Northover contested Welwyn Hatfield in the 1983 and 1987 general elections, and Basildon in the 1997 general election. She was a member of the committee which negotiated the merger between the Liberal Party and the SDP in 1987–1988, forming the Liberal Democrats. She was Chair of Women Liberal Democrats 1992–1995, Chair of the SDP and then the Liberal Democrats Parliamentary Candidates Association 1987–1991, and subsequently its Vice-President, and Chair of the Health and Social Welfare Association, 1987–1988.

On 1 May 2000, she was created a life peer, taking her married name of Northover, as Baroness Northover, of Cissbury in the County of West Sussex.[1] She was the Liberal Democrats Health Spokesperson in the House of Lords 2000–02 and main frontbench Liberal Democrats Spokesperson on International Development in the House of Lords, 2002–2010. She has been a member of various House of Lords Select Committees including those on Embryonic Stem Cell Research (2001–02), and on the European Union (Sub-Committee on Foreign Affairs, Defence and International Development 2003–04; Sub-Committee on Economic and Financial Affairs, 2008–10).

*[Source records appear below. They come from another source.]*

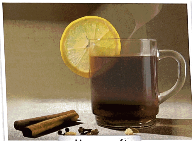
making a cup of tea

Finally, the email is delivered to the person's in-box.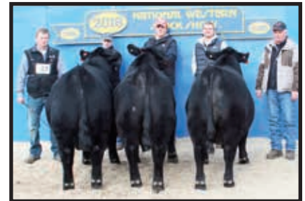
Champion yearling pen of three by Schroeder Angus, Clarence, Iowa. The Oct. 2016 bulls sired by KR Cash 4403 averaged 1,620 lb.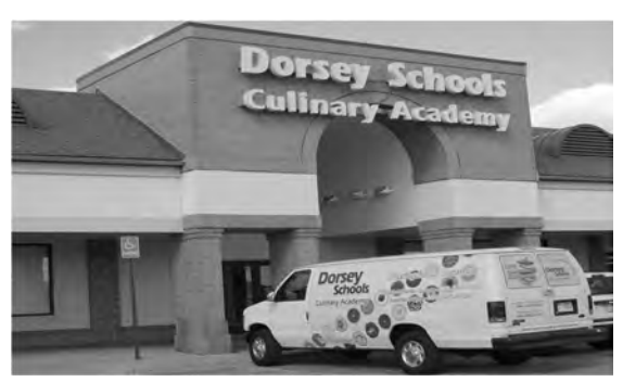
Waterford / Pontiac

440 N. Telegraph Road, Pontiac, MI 48341 Phone 248.333.1814 = Fax 248.333.1886 Email AdminWP@dorsey.edu = Administration and Allied Health =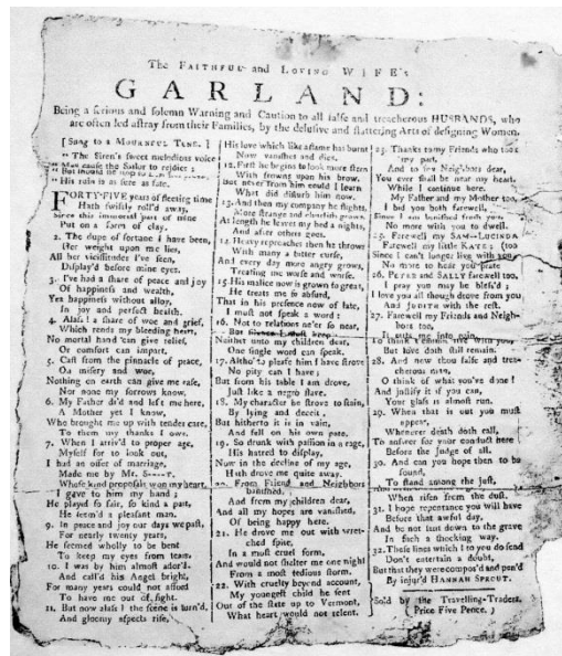
Weston-History of Middleboro-broadside

Hannah's broadside is listed in a compendium published in 1922, Broadsides, ballads, &c. printed in Massachusetts, 1639-1800 by Worthington Chauncey Ford (1922). The author cites the original as being located at the Massachusetts Historical Society. The broadside developed in sixteenth century England as a way to publicize royal proclamations, acts of Parliament, and notifications from local officials. Its use spread to personal topics because of its low cost and ease of distribution. In Massachusetts broadsides were adopted to address political issues, announce births, deaths, and executions, and for governmental purposes. In addition, ballads evolved in this format for personal use. Hannah's broadside states it is to be "Sold by the Travelling-Traders. ( Price Five Pence.)" Broadsides virtually disappeared by the early 1800s, replaced by the newspaper. But the role that broadsides played in our ancestors' lives continues to be realized in today's pervasive social media!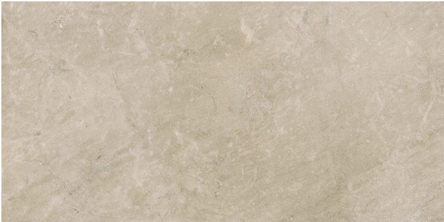
PT22448 ▶ Blushing Rosé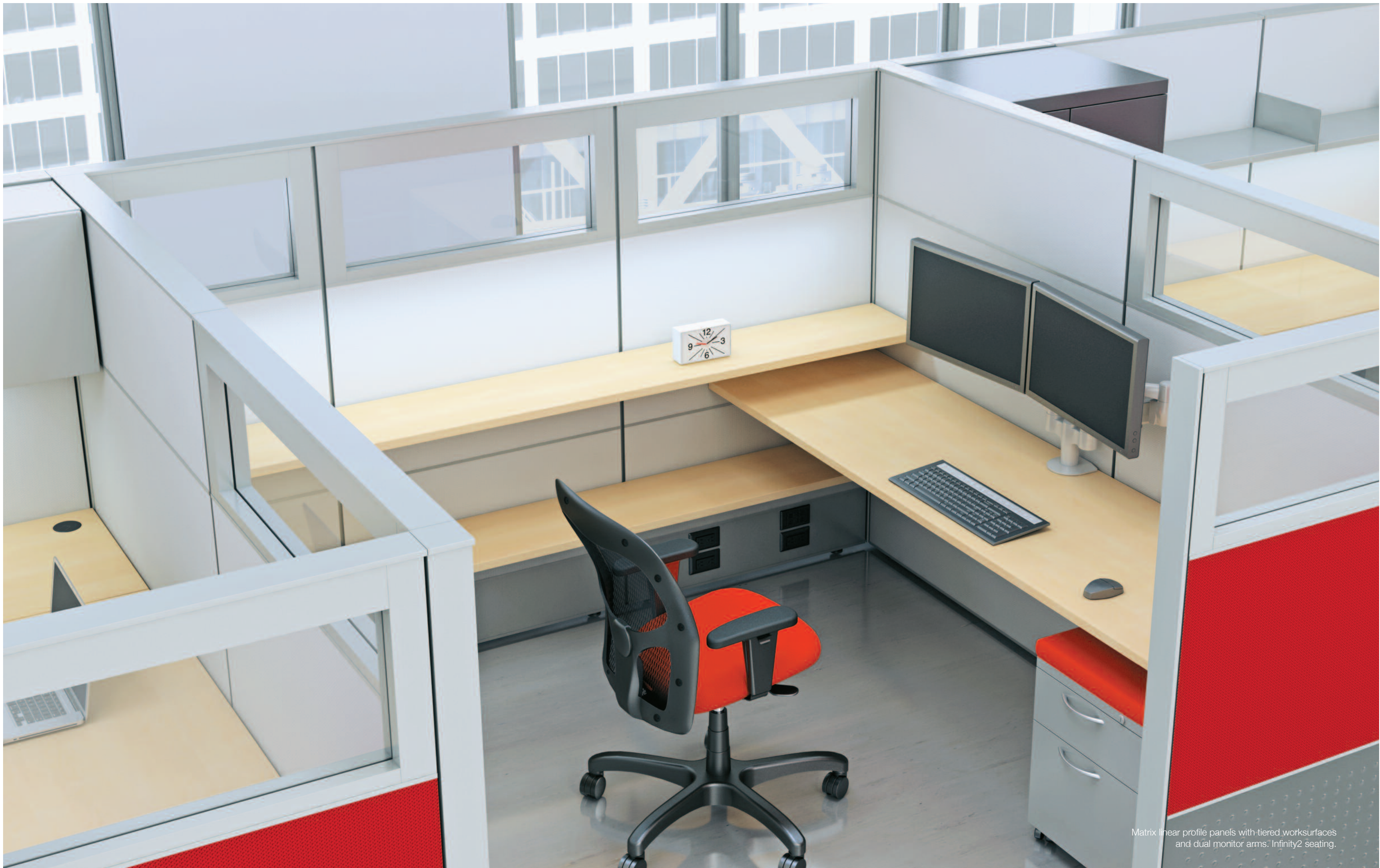
Matrix linear profile panels with tiered worksurfaces and dual monitor arms. Infinity2 seating.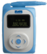
IQholter™, EX, EP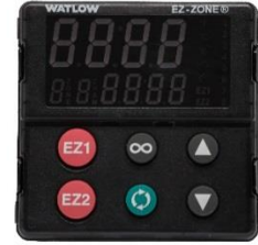
Watlow PID Controller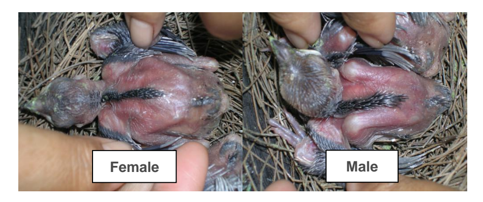
Figure 2. Anatomical defference of supit/pubis in male and femal Jalak Bali.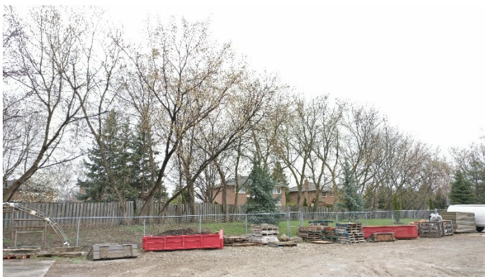
Trees 911 through 939, 955 through 959 looking North West.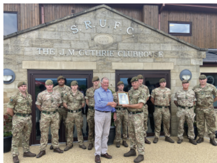
■ Providing AFD 2022 Real-Life Support at Scarborough Rugby Club.

Whilst field training remains at the core of what we do, we have yet again found ourselves immersed in multiple community engagement activities across the county. The Battalion was heavily involved in June's Armed Forces Day, providing the enabling element in Scarborough, as well as individuals at events across the weekend. Another huge effort was applied to the Military Village at of the Great Yorkshire Show. We were proud to host and cohere this prestigious event and I am again truly grateful for the enormous effort from across the Battalion.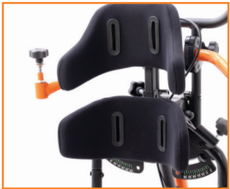
FORM TO FIT PADS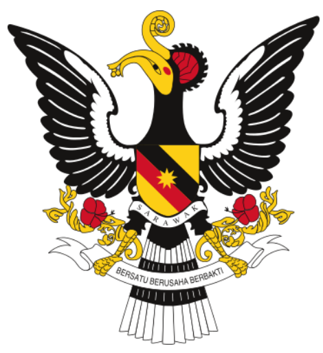
Illustration 6: Coat of Arms, State of Sarawak, Federation of Malaysia featuring the kenyalang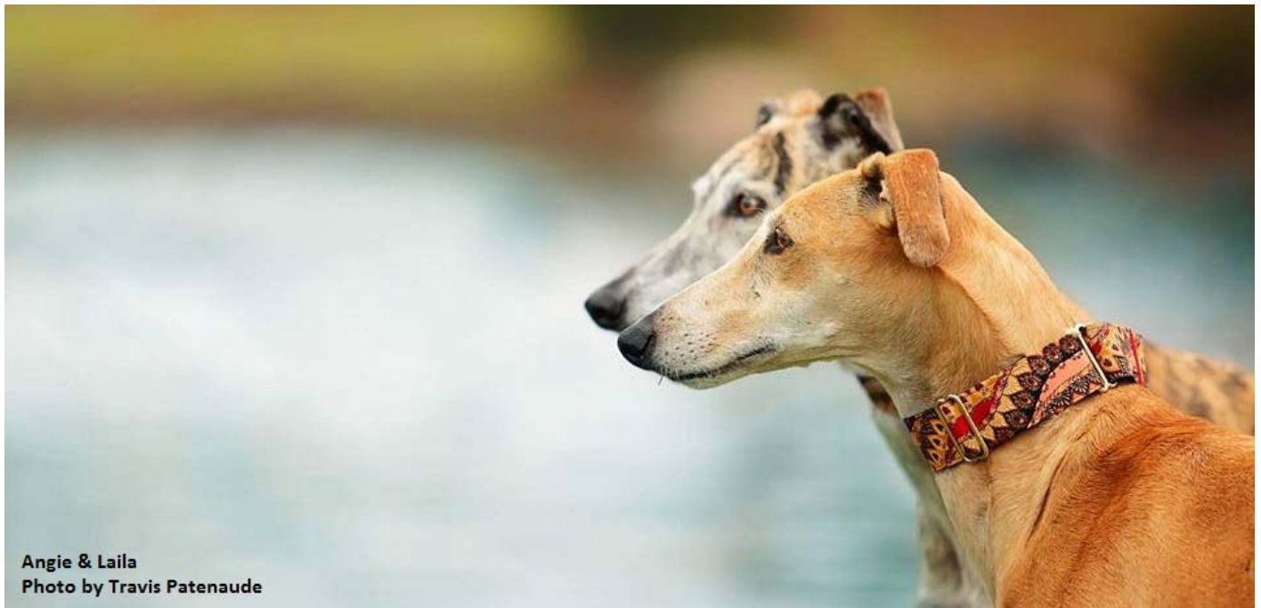
Angie & Laila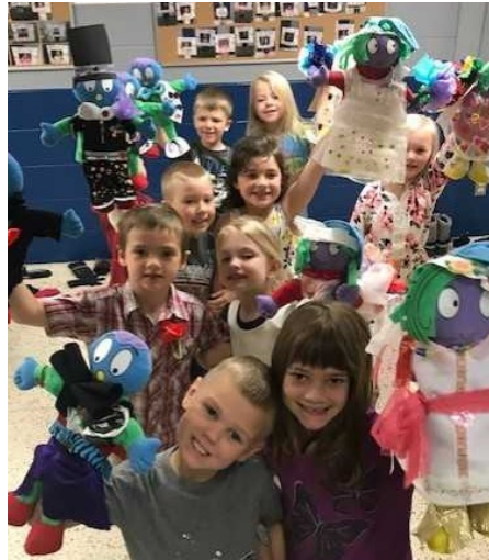
Q weds O in Kindergarten

In 2010 under the Coalition Government, she was appointed as Government Whip (Baroness-in-Waiting) and Spokesperson on International Development, Health, Justice and Women and Equalities, later covering Education, DCMS and DEFRA, instead of Justice and Health.[2][3]

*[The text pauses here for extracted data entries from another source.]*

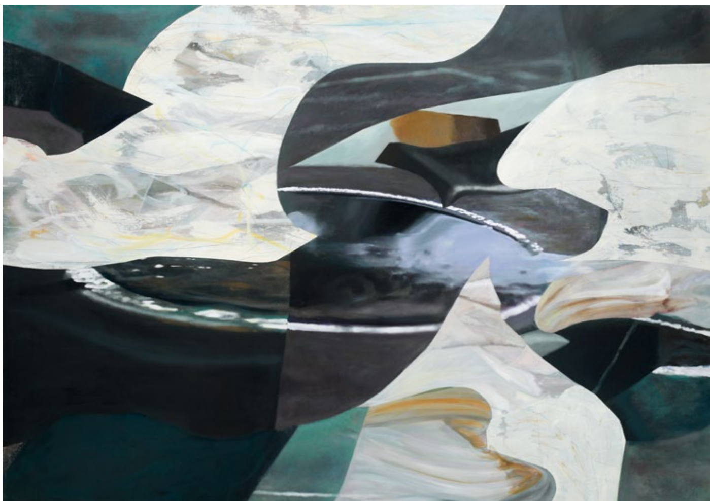
Mirel Vieru - The fragment as essential discontinuity I, 2024 oil, colored pencil, acrylic primer, print on canvas 140 x 200 cm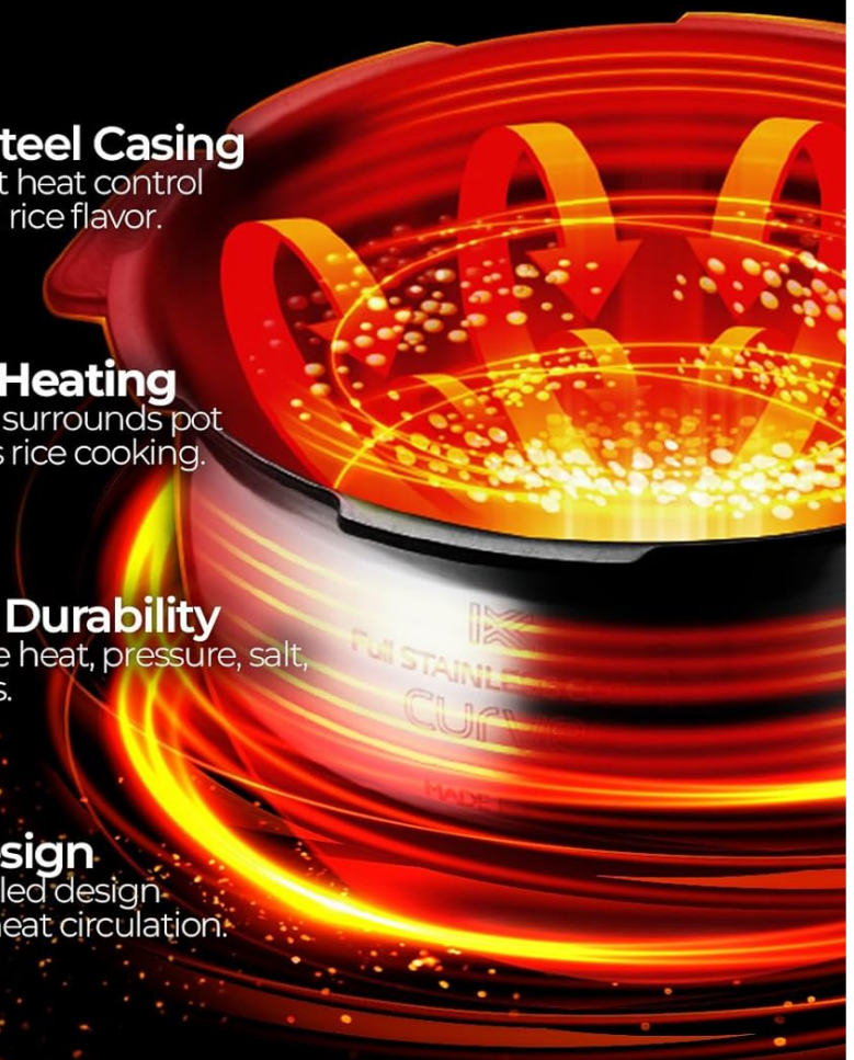
Image: Detailed view of the induction stainless pot, emphasizing its construction and heating technology for consistent rice flavor.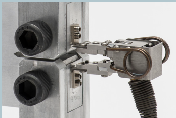
Model 7641 COD gage

See the electronics section of this catalog for available signal conditioners and strain meters.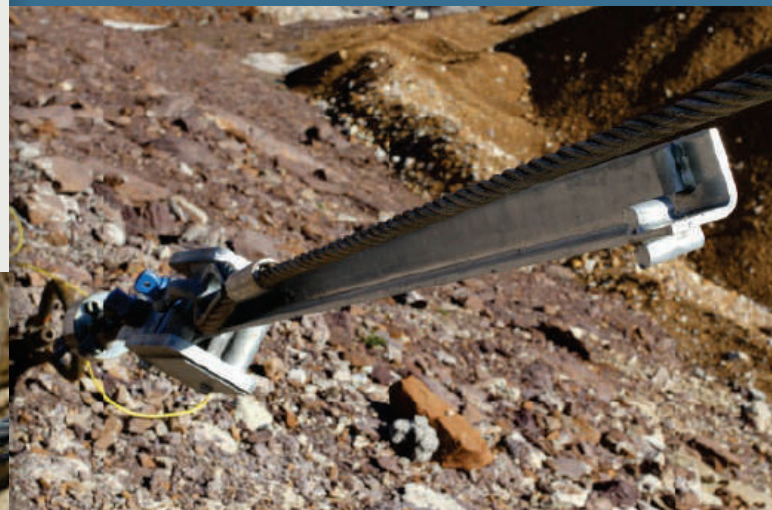
A new generation of brake elements uses a roller to deform an angled steel strip in a very efficient and compact manner.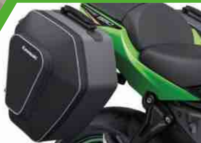
28L SEMI-SOFT PANNIER SET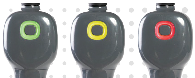
Recommended Speed Speed too fast Speed too slow

Built-in dosing feedback technology with embedded finger switch and indicator lights. In order to achieve effective treatments and improve dosing accuracy, the Smart Handpiece assesses the operator’s speed and gives real-time visual and sensory feedback. The Smart Handpiece is ergonomically styled for operator comfort.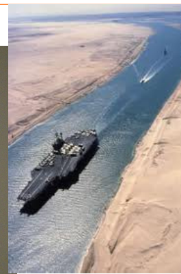
Above: Don Lobb and the Suez

Don Lobb sailed through the Suez Canal last year, a remarkable 190 km waterway. The canal was open for traffic in 1869 after 1.5 million labourers excavated 74 million cubic meters of sand. Designated 'the highway to India', it reduced sailing time between Northern Europe and India by about 10 days. Today's ships proceed both ways in convoys travelling for 14 hours to complete the journey (average charge: $295 000 per vessel). Several pilots and escorting tugs travel with every convoy to avoid costly delays caused by collisions or other accidents which could affect the 60 ships using the facility every day. Don's photos showed the ferries and bridges that cross the canal and the stark difference between green plantations and trees irrigated by the Nile on one canal bank and the sandy wasteland of the Sinai Desert on the other.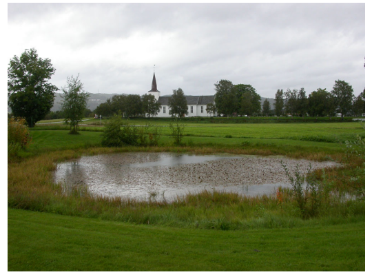
Figure 4. Habitat of Notonecta glauca , Rissa.

close to the sea and fertilized by seaweed and frequently visiting seagulls. Figures 3–5 show different types of locality for N. glauca . These habitats strongly resemble those described by Coulianos et al. (2008), who say that N. glauca

Northover was a Member of Council of the Overseas Development Institute, 2005–2010; Trustee of the Tropical Health and Education Trust, 2007–10; Vice-Chair of the British Council Associate Parliamentary Group, 2007–10; Vice-Chair of the Commonwealth Parliamentary Association, 2008–10; Trustee of the Liberal Democrats, 2009–11; Trustee of UNICEF UK, 2009–10; Vice-Chair of the All Party Parliamentary Group on HIV/AIDS; Vice-Chair of the All Party Parliamentary Group on Aid, Debt and Trade; and Secretary of the All Party Group on Overseas Development.[4] She was promoted to become Under Secretary of State in the Department for International Development in November 2014.

Personal life

In 1988 she married Professor John Northover, Professor of Intestinal Surgery since 2001 at Imperial College London. [5] They have three children, two sons (born 1989 and 1990) and a daughter (born 1993).

References

  1. ^ "No. 55839". The London Gazette. 5 May 2000.
  2. ^ "Government Spokespersons". Government Whips Office. Retrieved 25 February 2012.
  3. ^ Unlike Whips in the Commons, Lords Whips are also Government Spokespersons in their portfolios, contributing to legislation and speaking for the Government in debates.
  4. ^ "Baroness Northover | Peers Detail". 2012. Retrieved 26 February 2012.